我会争辩说，这更像是一个算法问题，而不是特定于 python 的问题——但一种让我感觉足够简单的算法是对列表进行排序，并创建“桶”（子列表) 以 max 元素开始，从列表的最前面添加，直到无法添加为止。

在 Python 中可能看起来像列表

x = [1.5, 3, 4, 2.5 , 1, 4, 0.5]
x.sort()
buckets = []

while True:
    # if the list is empty, break
    if x == []:
        break

    last_elem = x.pop()  # pop removes the last element and returns it
    new_bucket = [last_elem]  # create a new bucket initially with just that
    new_bucket_sum = last_elem

    # for the remaining numbers
    num_added = 0
    for num in x:
        if num + new_bucket_sum > 5:
            break
        new_bucket.append(num) # add it to the sub-list
        new_bucket_sum += num  # account for the sum
        num_added += 1  # increase our count for this iteration

    buckets.append(new_bucket)  # add the bucket
    x = x[num_added:]  # take a sub-list of x (getting rid of the numbers added)

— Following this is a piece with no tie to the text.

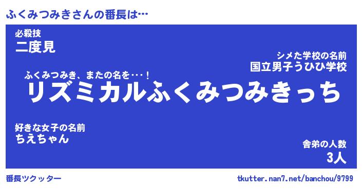 | 伝説のあだ名 | 『伝説のスナイパーふくみつみき』 |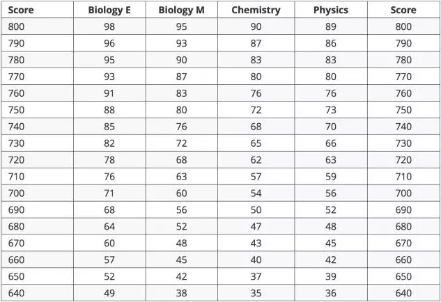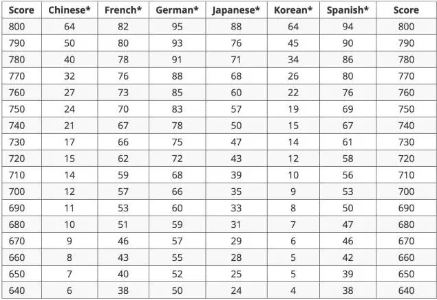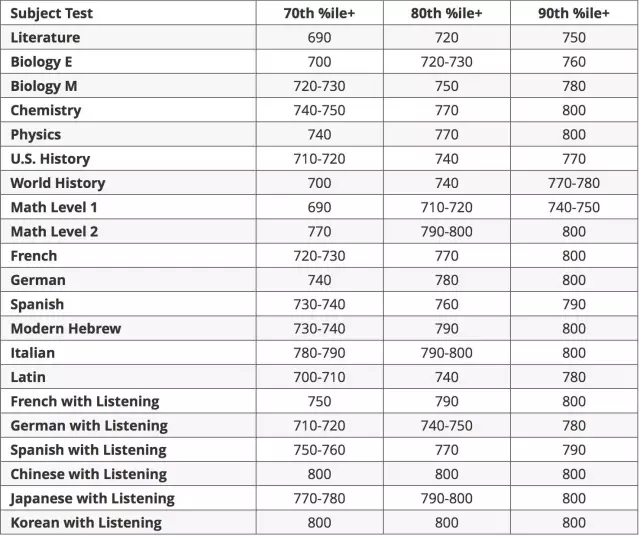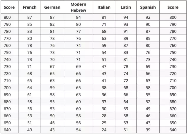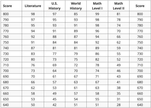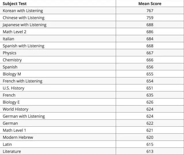根据下图我们大概可以推测出一个好的成绩都是在700以上,通过下面的表格中的数据,我们可以了解每门SAT2相对应的高分。

    # Note that we now recurse until all numbers have been placed in to buckets

# After this for loop breaks, you have all the buckets
print(buckets)

这是我的直觉。我会说有更多“pythonic”的方式来编写该算法，但由于您是 Python 新手，我认为将其分解和评论可能会有所帮助。那里可能还有更好的算法。干杯

【讨论】：

非常感谢您的回答。你是对的，这更像是一个算法类型的问题，但你的 python 插图很有帮助。我最终采用了类似的方法。

【解决方案3】：

只是想补充一点，如果生成的列表列表的元素必须保持其原始顺序（相对于输入列表），那么您可以这样做：

elts = [1.5, 3, 4, 2.5 , 1, 4, 0.5]
res = []

temp = []      # for accumulating the numbers
temp_sum = 0   # the sum of the accumulated numbers

for e in elts:
    temp_sum += e    # update the sum with current element
    if temp_sum > 5:
        # if updating the sum with the current element
        # makes the sum overshoot the limit
        # then don't accumulate the current element
        # instead ...
        res.append(temp)  # append the previously accumulated elements to the result
        temp = [e]        # start a new accumulator with the current element
        temp_sum = e      # start a new accumulated sum with the current element
    else:
        # if updating the sum with the current element
        # does not make the sum overshoot the limit ...
        temp.append(e)    # accumulate current element

# finally, append the last seen accumulator to the result
res.append(temp)

结果 res 将是 [[1.5, 3], [4], [2.5, 1], [4, 0.5]]

【讨论】：

【解决方案4】：

我喜欢这个挑战，所以我根据基本列表的随机抽样创建了一个heuristic algorythm。因此它会寻找最佳解决方案，直到预设给定的迭代次数：

import numpy as np


#base_randlist = np.random.random(200) * 5

base_randlist = np.array([1.5, 3, 4, 2.5 , 1, 4, 0.5])

print(base_randlist)

sets = []
for i in range(10000):

    set_ = []
    subset = []
    randlist = base_randlist

    while randlist.shape[0] != 0:
        while True:
            if randlist.shape[0] == 0:
                set_.append(subset)
                break
            ind = np.random.randint(0, randlist.shape[0])
            last_subset = subset.copy()
            subset.append(randlist[ind])

            if sum(subset) <= 5:
                randlist = np.delete(randlist, ind)
            else:
                set_.append(last_subset)
                subset = []
                break
    sets.append(set_)

min_setnum = np.inf
for i, s in enumerate(sets):
    if min_setnum > len(s):
        min_setnum = len(s)
        min_ind = i

print(sets[min_ind])
print(min_setnum)

输出：

[1.5 3.  4.  2.5 1.  4.  0.5]
[[3.0, 0.5], [1.5, 2.5], [4.0], [4.0, 1.0]]
4

【讨论】：